**Listed entries**
*** Block opens ***

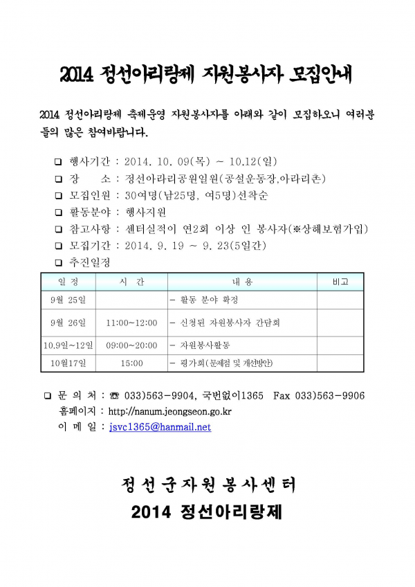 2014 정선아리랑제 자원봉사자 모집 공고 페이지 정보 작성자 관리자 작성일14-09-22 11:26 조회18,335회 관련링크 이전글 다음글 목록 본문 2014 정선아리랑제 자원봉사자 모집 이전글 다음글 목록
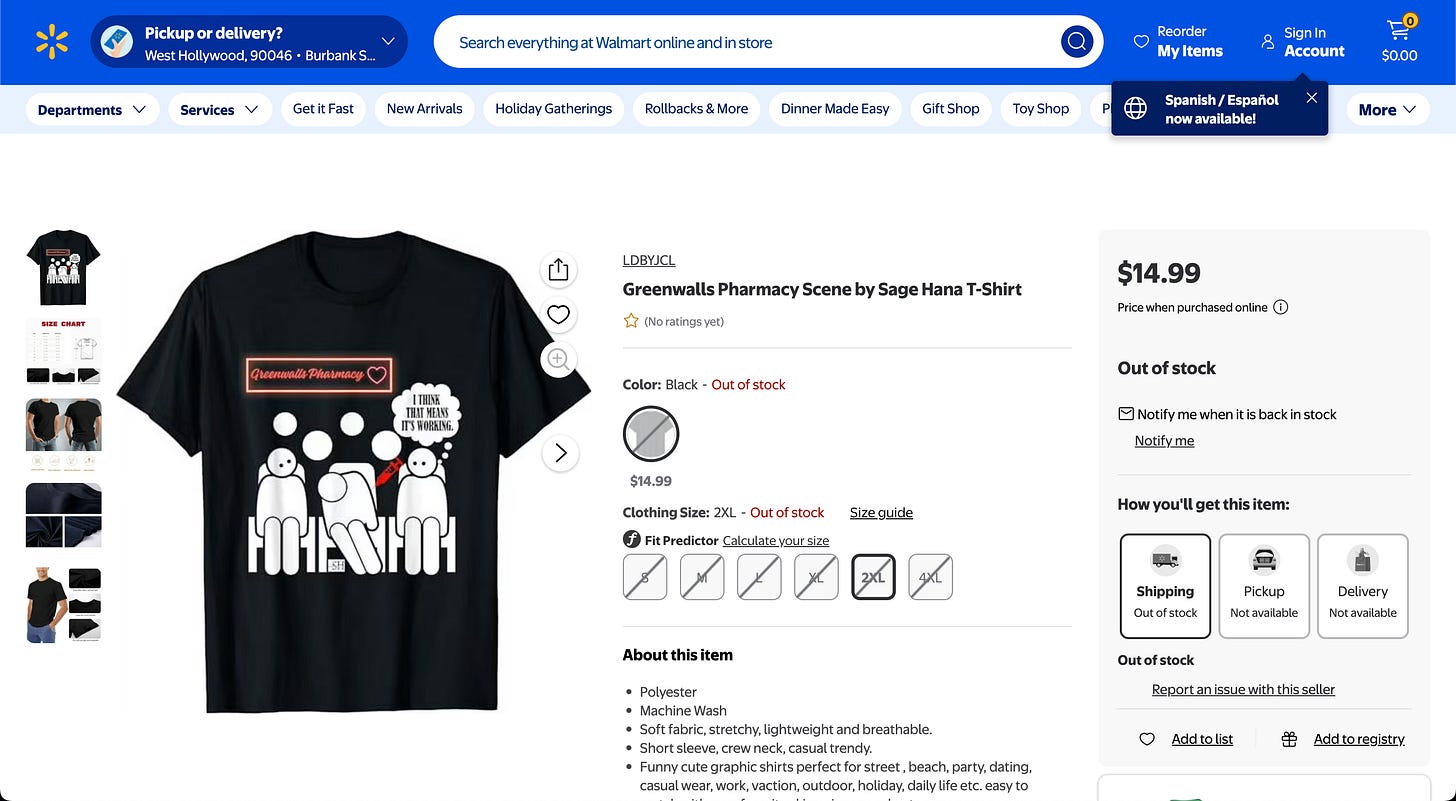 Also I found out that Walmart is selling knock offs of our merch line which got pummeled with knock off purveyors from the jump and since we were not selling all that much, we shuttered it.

*** Block closes ***
*** Block opens ***

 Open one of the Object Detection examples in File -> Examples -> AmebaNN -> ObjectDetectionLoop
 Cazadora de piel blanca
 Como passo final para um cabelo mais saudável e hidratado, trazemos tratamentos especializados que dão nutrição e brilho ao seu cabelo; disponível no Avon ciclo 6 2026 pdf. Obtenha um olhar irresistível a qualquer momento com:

*** Block closes ***
*** Block opens ***

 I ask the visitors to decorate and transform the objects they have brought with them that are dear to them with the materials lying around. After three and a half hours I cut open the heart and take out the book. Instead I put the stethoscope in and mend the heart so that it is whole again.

*** Block closes ***

**Exercise objective**
Above are the records; from them, give again exactly the lines from the one containing "Cazadora de piel blanca" to the one containing "Como passo final", both lines included, and nothing more.

**Answer to this task**
 Cazadora de piel blanca
 Como passo final para um cabelo mais saudável e hidratado, trazemos tratamentos especializados que dão nutrição e brilho ao seu cabelo; disponível no Avon ciclo 6 2026 pdf. Obtenha um olhar irresistível a qualquer momento com:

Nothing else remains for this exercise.